Results: During the three classification tasks, the optimal single sequence for classifying HR+ vs. HR- was DWI₆₀₀, while the ADC map, derived from DWI₈₀₀ performed the best in distinguishing TNBC vs. HEBC, as well as identifying TNBC vs. non-TNBC, with corresponding training AUC values of 0.787, 0.788, and 0.809, respectively. Furthermore, the integration of the top four sequences in R_FF models yielded improved performance, achieving AUC values of 0.809, 0.805 and 0.847, respectively. Consistent results was observed in both the training/validation and testing cohorts, with AUC values of 0.778, 0.787, 0.818 and 0.726, 0.773, 0.773, respectively (all p < 0.05 except HR+ vs. HR-).

Conclusion: The R_FF model, integrating mpMRI radiomics features, demonstrated promising ability to mimic radiologists’ diagnosis for preoperative identification of molecular receptors of BC.

Introduction

Breast cancer (BC) exhibits significant heterogeneity at both intra- and inter-tumor levels. Different molecular receptor statuses are associated with varying prognoses, treatment responses and survival outcomes (1, 2). Profiling of gene expression has identified the four main intrinsic molecular subtypes of BC, including luminal A, luminal B, human epidermal growth factor receptor 2-enriched (HER-2), and triple negative (TN), each of which exhibits distinct molecular receptor statuses and therefore requires tailored therapeutic approach, such as endocrine therapy or neoadjuvant systemic therapy (NST) (3–5).

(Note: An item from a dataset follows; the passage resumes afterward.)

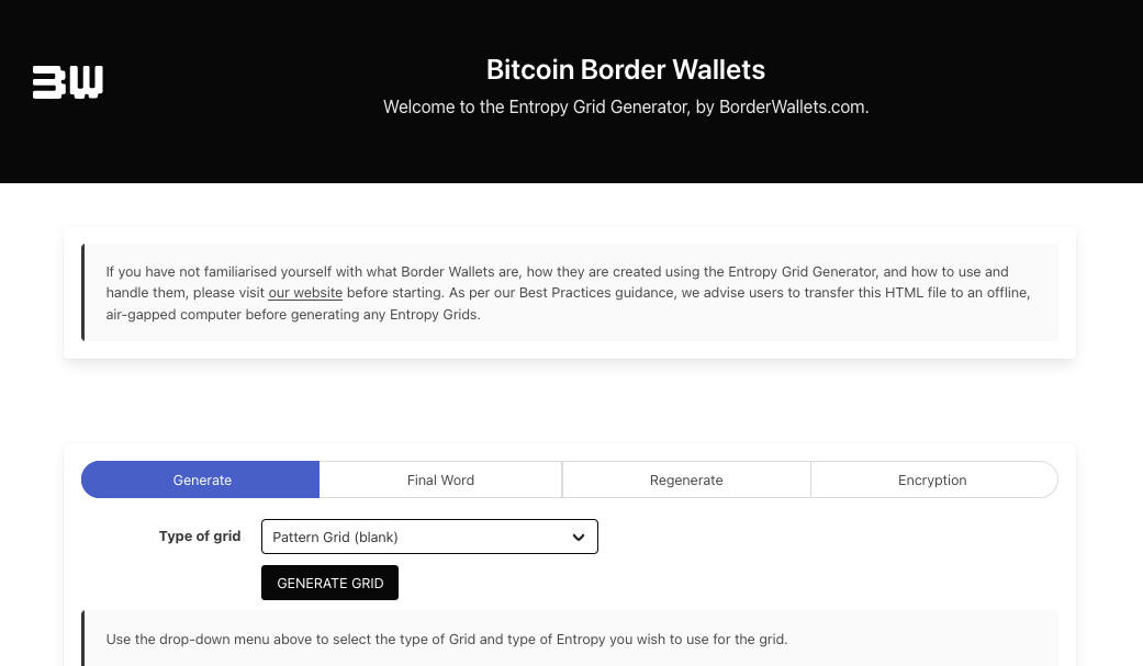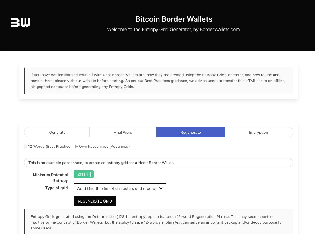 I’m going to use the EGG’s “Regenerate” feature and use my own Regeneration/Recovery Phrase to generate the grid. The Regeneration Phrase I use for this demo is “This is an example passphrase, to create an entropy grid for a Nostr Border Wallet.”

Currently, molecular receptor status is mainly determined by gene expression profiling or immunohistochemical (IHC) surrogates from invasive tissue biopsy or surgical specimens in clinical practice. However, due to tumor heterogeneity, a single tissue biopsy is insufficient to capture the global genetic, epigenetic, and/or phenotypic characteristics of a breast tumor, leading to inevitable selection bias (1, 2). In addition, as the tumor biology evolves and continuous treatments are administrated, the receptor status and molecular subtypes of BC may change, posing challenges in accurately reflecting the true state of the lesions (5). Therefore, there is a need to develop an effective method for precise assessment of the whole-tumor’s histological characteristics, and for spatial-temporal monitoring of the dynamic tumor biological behavior during treatment.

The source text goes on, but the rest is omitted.